Robustness analysis using node deletion for the lower resolution connectivity matrices (\(116\times 116\)) generated using the AAL atlas and MGH-USC DSI datasets. The size of the largest component, global efficiency and entropy are computed (with or without transformation of the connectivity matrix weights) after targeted removal of nodes with decreasing strength, betweenness centrality, or curvature. The top row shows results for the original connectivity matrix while the bottom row shows results after Gaussian transformation of its weights as done in Alstott et al.11

We note that Alstott et al.11 used a Gaussian transformation of the connectivity weights for this type of robustness analysis (see discussion below). We therefore present results using the same transformation in Fig. 5 (bottom row). Additionally, Supplementary Note 7 reproduces the results presented in Fig. 3 from Alstott et al.11, to support the correctness of our analysis. With this approach, results stay consistent to those obtained without Gaussian transformation, except for global efficiency. In this case, all three nodal measures behave differently with centrality leading to the fastest decay in global efficiency. We also note that, for each step of such a robustness analysis, as presented in Fig. 5, a new node is deleted and the size of the network is reduced. Thus, we end up comparing parameters across brain networks with different parcellations (i.e. different number of nodes). It is important to remember that network topological measures show strong dependence on the nodal scale7, therefore, differences between nodal measures may also be attributed, to some extent, to different nodal scales.

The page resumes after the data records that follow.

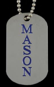 Step up to the ultimate in recognition Dog Tags. Full color organization crest on one side and letters on the other. Full color enamel details are finished on our jewelry quality tags with silver plating. Full military style stainless chains keep your tag in clear view. Packaged and ready for retail.
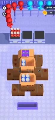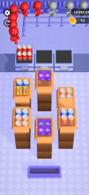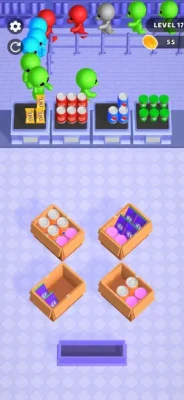 Welcome to the craziest supermarket in the colorful world! Dive into a fast-paced puzzle adventure game where you sort the identical goods into a single box and deliver them to the same colored stickman customers waiting in the checkout line. Use your quick reflexes and strategic thinking to solve each level by clearing the area with each perfectly sorted boxes. Satisfy your customers by delivering the correct items. Face new challenges at every level, exercise your brain, and relieve stress as you create order from this chaotic supermarket. Download now and enjoy the thrill of solving this fun and challenging game!
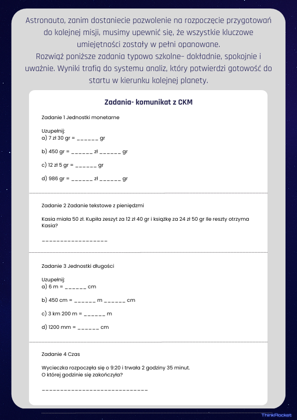 Zadania rozwijają umiejętność pracy z czasem, długościami i zadaniami tekstowymi.
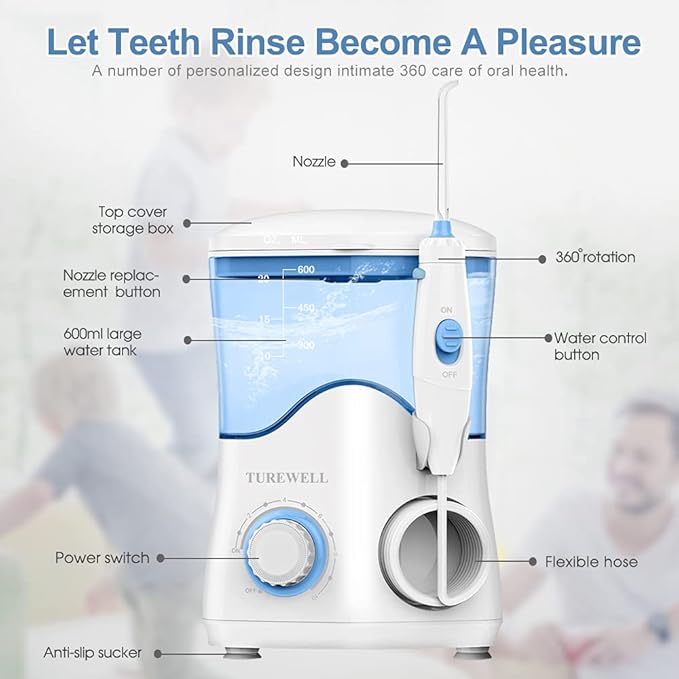 TUREWELL FC162 Water Dental Flosser for Teeth/Braces,10 Pressure Levels, 8 Water Jet Tips for Family, 600ML Electric Water Dental Oral Irrigator for Teeth Clean (White)
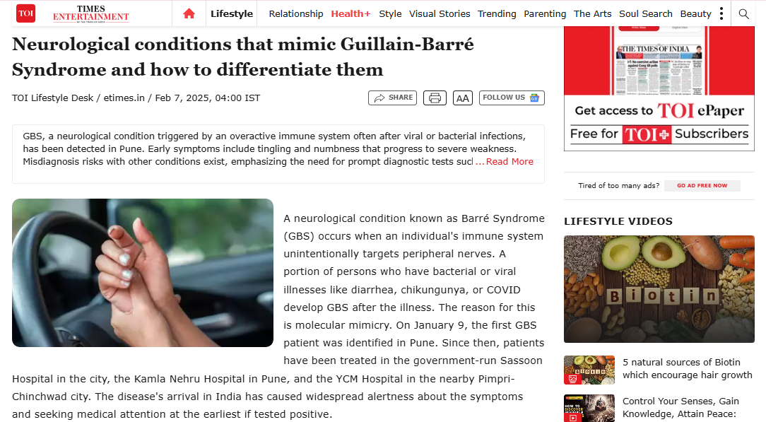 A neurological condition known as Barré Syndrome (GBS) occurs when an individual's immune system unintentionally targets peripheral nerves. A portion of persons who have bacterial or viral illnesses like diarrhoea, chikungunya, or COVID-19 develop GBS after the illness. The reason for this is molecular mimicry. On January 9, the first GBS patient was identified in Pune. Since then, patients have been treated in the government-run Sassoon Hospital in the city, the Kamla Nehru Hospital in Pune, and the YCM Hospital in the nearby Pimpri-Chinchwad city. The disease's arrival in India has caused widespread alertness about the symptoms and seeking medical attention at the earliest if tested positive.

In order to further assess the role and unique contribution of curvature, in comparison with other measures, we also computed the Pearson correlation between node measures using all 33 DSI datasets from the MGH-USC HCP Consortium3,22 (116 nodes using AAL atlas). Correlations were obtained, for each dataset, across the 116 nodal values and their empirical distributions were obtained by repeating this across the 33 datasets (see Supplementary Note 8, where the mean and variance of the histograms are shown on top). Curvature does not present a different behavior than the other node measures. Most importantly, the nodal measures can be seen as only weakly to moderately correlated with each other, with curvature positively correlated to strength and (to a much lesser extent) betweenness centrality, while strength and betweenness centrality also show positive correlation. This result further supports our claim that curvature provides information about brain networks, which is complementary to other graph measures.

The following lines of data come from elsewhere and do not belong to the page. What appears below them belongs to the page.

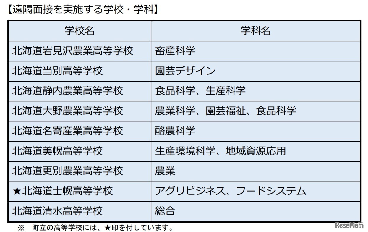 北海道教育委員会は、新型コロナウイルス感染症拡大防止の観点から、令和3年度(2021年度)の推薦入試では、通信機器を活用した遠隔面接を実施することができることとした。遠隔面接を実施する学校は、岩見沢農業(畜産科学)・当別(園芸デザイン)など9校。
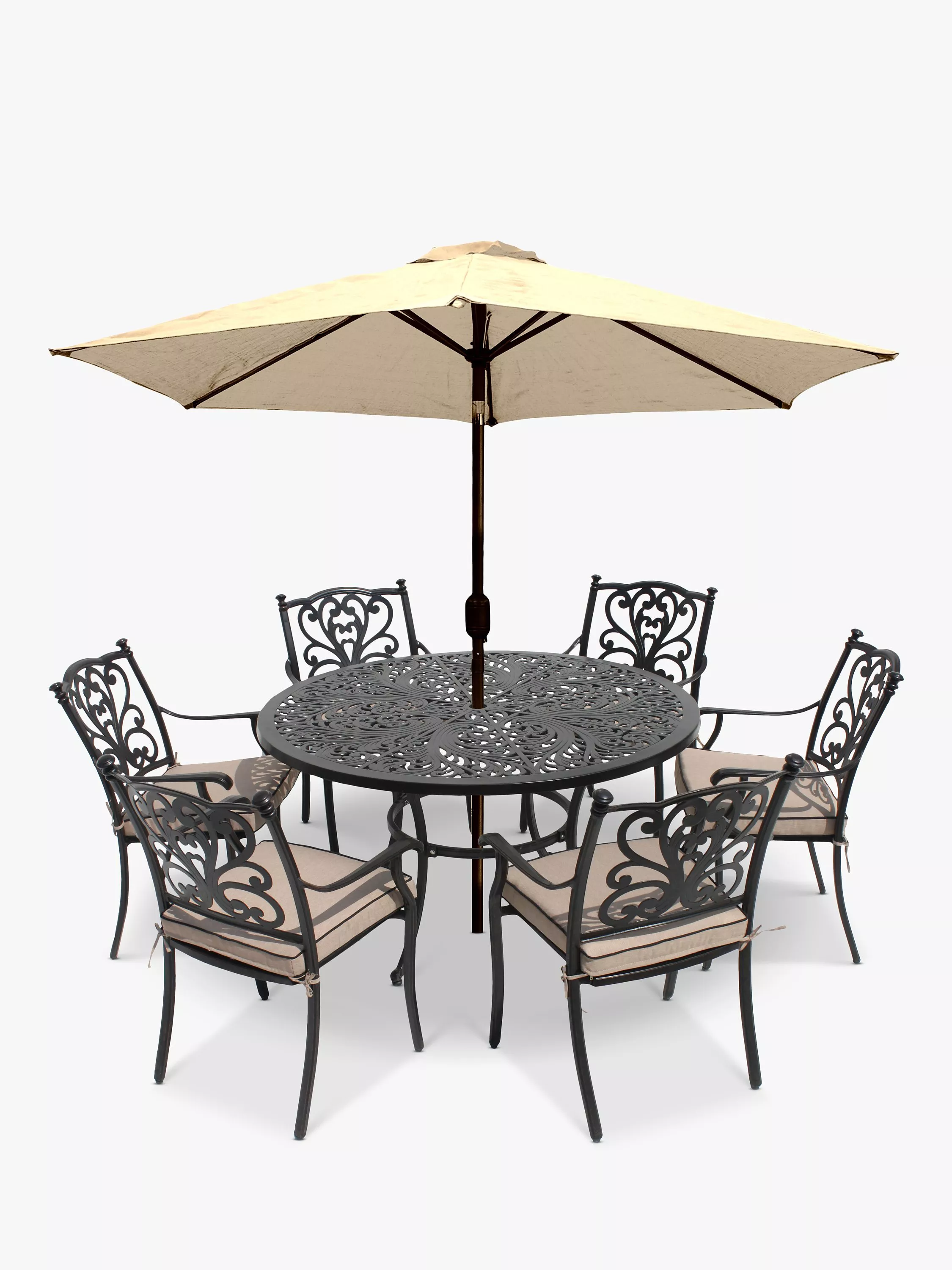 LG OutdoorDevon 6-Seater Garden Dining Table & Chairs Set with Parasol, Bronze
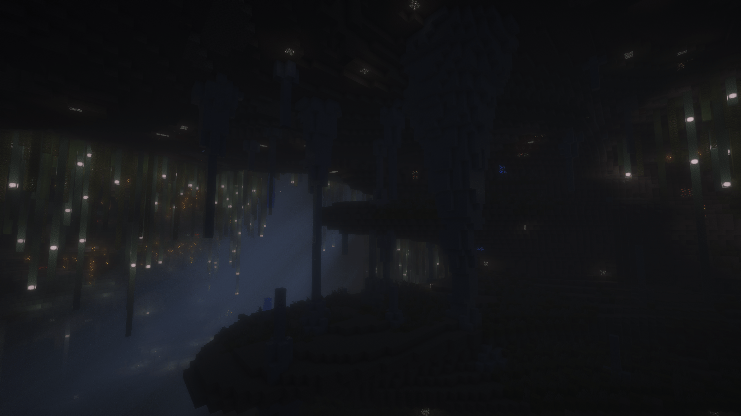 Les Étangs de Prismarine sont un biome caractérisé par de nombreux étangs parsemés de coraux, de lanternes marines, et de nombreuses colonnes de prismarine. Ce paysage aquatique unique apporte une touche lumineuse et colorée au sein de la dimension, offrant un contraste marquant avec les autres environnements souvent sombres et hostiles.

Note on Gaussian transformation of connectivity matrices

Streamlines numbers (i.e., the weights of structural connectivity graphs) produced by tractography algorithms are exponentially distributed7,20. Without altering the rank-ordering of pathways, those distributions can be transformed to follow Gaussian distributions11, for ease of analysis (e.g. see entropy decay in Fig. 5, bottom row). However, we would like to emphasize that such a transformation may lead to changes in edges weights (and consequently node strengths) that may affect graph measures differently (see results for global efficiency in Fig. 5), and thereby possibly biasing the definition of important nodes, as well as the identification of graph measures that are adequate to quantify robustness. For instance, the weights, while preserving order, can be mapped to a completely different range of values, thereby increasing or diminishing the relative importance of nodes (e.g. mapping weights in the range [1,1000] to [10,11]). We therefore recommend to apply such transformation(s) with care.

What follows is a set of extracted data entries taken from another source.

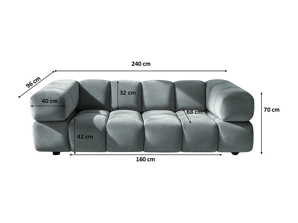 Bank 3-zits, Veloursstof Bluvel, Blauwgrijs, Averro
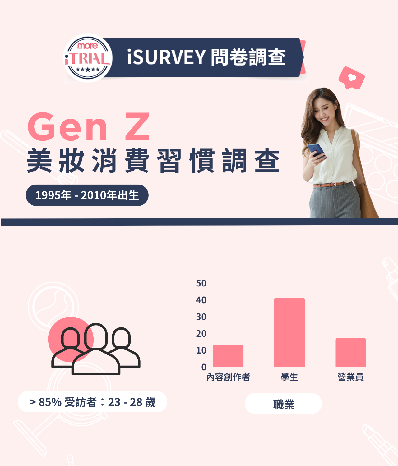Z世代(Gen Z) 泛指於1995年至2010年間出生的一代,是全球人口比例最多的世代,在香港Gen Z佔總人口比例達到 16%。MORE 旗下的美妝用家分享平台iTRIAL 於 2023 年3 月在香港進行一項「Gen Z 美妝消費習慣問卷調查」,透過網上問卷訪問了超過 200 位於1995年至2010年出生的Gen Z 會員,透過調查,我們更深入了解Z世代為美妝消費生力軍的趨勢和轉變,當中重點:
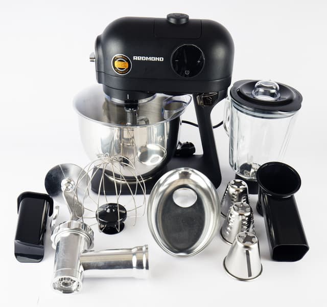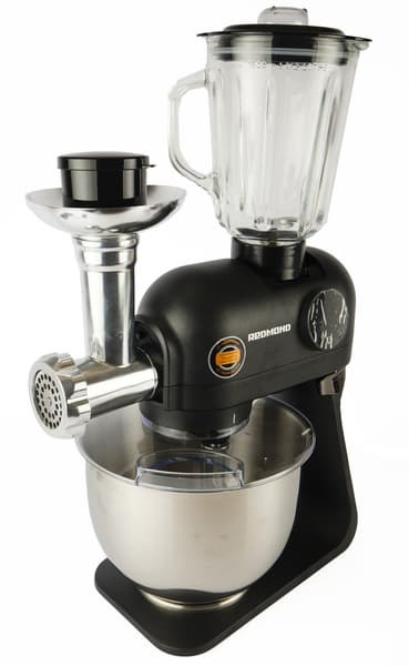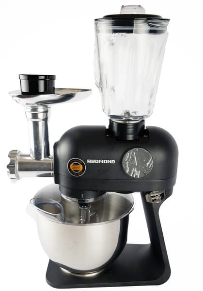 На этот раз в нашей лаборатории гостит (и работает) кухонная машина Redmond RKM-4021. Прибор объединяет в себе планетарный миксер, мясорубку, блендер и терку. Звучит впечатляюще, впечатляет и цена устройства. Главная интрига сегодняшнего тестирования — каково соотношение цены и качества у нашего испытуемого.

We have introduced the concept of graph curvature to quantify the importance of nodes (meaning that their disruption leads to large changes in the overall graph) in brain networks. We have shown that curvature can indeed help identify important areas (nodes) and points to changes in the brain network structure that may be attributed to age or diseases. The close relation between curvature and network robustness points to the significance of the detected nodes in supporting robust brain functions. Thus, this study lays the foundation for a new approach to assess brain network robustness at the nodal level. We argue that the information provided by curvature may be used in combination with other nodal measures for studying global changes in the brain.

Curvature (averaged across the network) can also provide a global graph measure for the quantification of brain network robustness. A similar viewpoint has recently been proposed in the context of financial networks and of gene-regulatory networks16,17,54. It is indeed quite interesting that the connection between curvature and the ability of a dynamical process on a network to return to equilibrium after a perturbation (robustness) is observed in such disparate problems (economy, thermodynamics gene regulation, cancer, and now: brain networks). Several other directions may be worthy of investigation along the same lines. In particular, studying curvature changes between nodes at the edge level may prove particularly effective as, in that case, critical changes in interactions between areas in the brain may be easier to detect. We propose these future directions with the caveat that curvature is sensitive to the way connectivity matrices are generated, i.e., curvature is affected by the choice of parcellation scale, tractography algorithms, as well as the particular type of diffusion data, e.g., DTI, HARDI, DSI, etc. Therefore, care must be exercised to minimize such possible effects. The present work focused mainly on exploring the concept of node curvature as a measure of robustness of brain structural networks, in comparison with existing measures.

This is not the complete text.